The prosecutor said Weiland told police he had been at another apartment earlier that night and a confrontation occurred. He left that apartment and went to his own apartment, and there had been an accidental discharge that left a hole in the ceiling. 

He said Weiland called 911 but when he saw a law enforcement officer pull up to the apartments he thought they were going to take his guns away. 

Vlieger said Weiland admitted he shot down a drone and at a BearCat armored vehicle and estimated he shot about 75 times. 

Authorities recovered four firearms in the apartment, including three rifles and a shotgun, as well as 70 shell casings. 

In the parking lot below the apartment, 15 additional shell casings were recovered, along with the drone that was shot down. 

Henry acknowledged that the jurors would hear evidence that supported Weiland was the shooter, and the defense would not bring in witnesses to tell otherwise. 

But he said for Weiland to be found guilty of attempted murder, prosecutors were going to have to prove what Weiland was thinking and what he intended. 
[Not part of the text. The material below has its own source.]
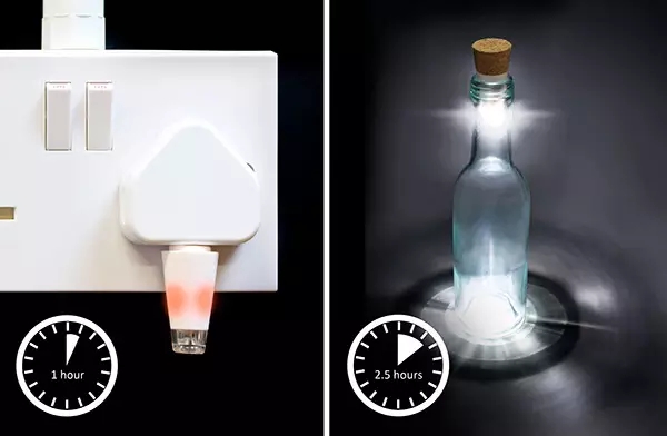 也许你会说上面那些灯离我们的生活太远了。那你可以试试这款灯。设计师 Steve Gates 利用废弃的酒瓶子做成了一款台灯。这款可充电瓶灯造型像是一个软木塞瓶盖,盖子可以拔下来,通过 USB 口充电,以 LED 灯为光源。有了它,轻轻松松你就可以把没用的空瓶子变成一款调性十足的台灯。

Henry said the evidence that Weiland did something terrible is indisputable, but the state saying he attempted murder is a weaker argument. 

“Call this what it is — second degree assault,” the lawyer said. 

He said his client was struggling and he expected jurors to see and hear about trash piled waist high in his apartment, along with the moldy food, bad smell and filthiness that was there. 

“Weiland was someone who wanted desperately to die,” Henry said, noting that he filed the false 911 complaint that day because he wanted police to take his life.